Scripts — Automate the boring parts:
python scripts/init.py my-skill # Scaffold a new skill
./scripts/validate.sh path/to/skill # Check for common errors
Or use the official skills-ref library:
pip install skills-ref
skills-ref validate path/to/skill
Workflows — Things you do:
| Task | Resource |
|---|---|
| Create a new skill from scratch | workflows/create.md |
| Test activation and behavior | workflows/test.md |
| Debug a skill that isn't working | workflows/debug.md |
| Refine a skill from session learnings | workflows/refine.md |
References — Things you look up:
| Topic | Resource |
|---|---|
| Official Agent Skills specification | spec/specification.md |
| Patterns: templates, routers, conditionals | references/patterns.md |
| Good and bad examples with analysis | references/examples.md |
| Granular rules organized by impact | references/rules.md |
Spec — Authoritative documentation from agentskills.io:
| Document | Description |
|---|---|
| spec/what-are-skills.md | Conceptual overview |
| spec/specification.md | Format specification |
| spec/skills-ref/ | Official validation library (vendored) |
Source Material
The sources/ directory contains complete skill-authoring approaches from different authors, preserved for deeper study:
| Source | Approach |
|---|---|
sources/anthropic/ | Official Anthropic skill-creator with init/package scripts |
sources/obra/ | TDD-based methodology with pressure testing |
sources/everyinc/ | Router patterns and workflow templates |
sources/pproenca/ | 46 granular rules organized by impact level |
sources/pytorch/ | Simple single-file approach |
The Bottom Line
A skill is a teaching document.
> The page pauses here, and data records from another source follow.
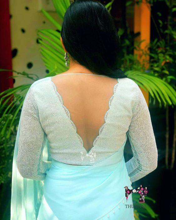 Specification: Full Sleeves Party Blouse V Neck Sky Blue Color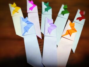 - てふてふ舞いはじめる晴れの日は主にテラス席・雨の日は全テーブルにお箸を包み込んだ状態で舞い降ります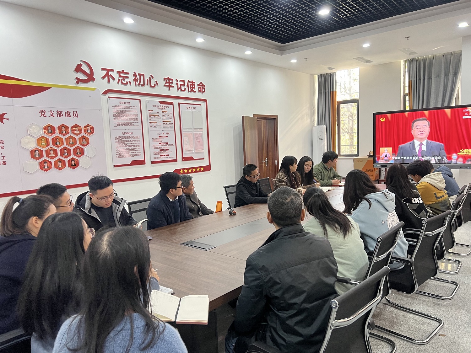 2021年11月25日上午,中国共产党湖南省第十二次代表大会在省人民会堂隆重开幕,学院机关第二党支部组织全体成员在学工处会议室观看学习。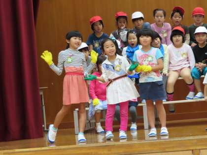 教室で練習したことを活かして,いろんな動き,ポーズをつけながらがんばっています。大きな声でせりふを言えるようになってきた子が,だんだん増えてきました。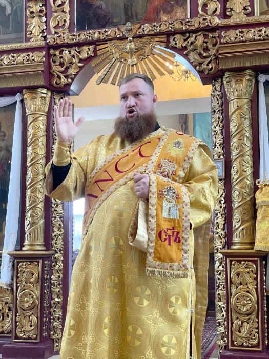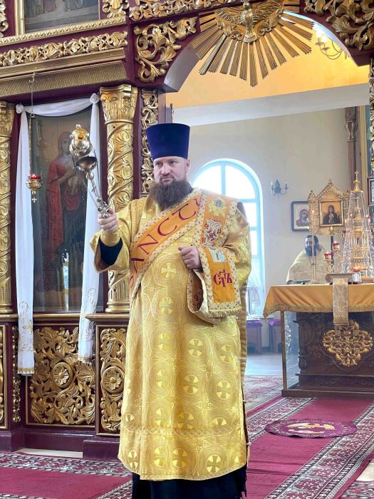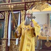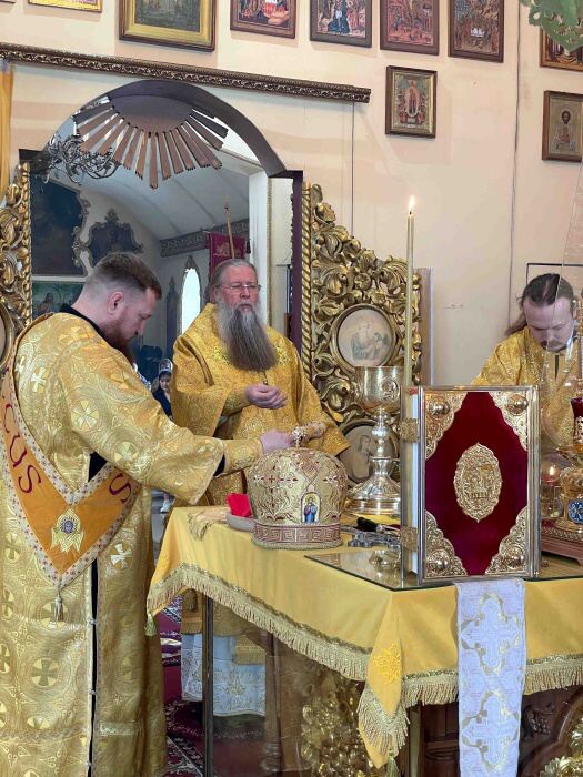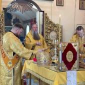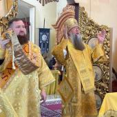 Его Преосвященству сослужили: ключарь храма иерей Александр Матлашов, клирики иерей Игорь Лазгиев, протодиакон Александр Мокий, диакон Рустик Якупов.

Its job is to make an agent smarter about something specific.
Write the description for discovery — use the words users say. Write the body for understanding — orient, instruct, show, warn. Structure for efficiency — keep the main file lean, push details to references. Test for activation — a skill that never triggers provides zero value.
The best skills don't just tell the agent what to do. They give it enough understanding to adapt when the situation doesn't match the template exactly.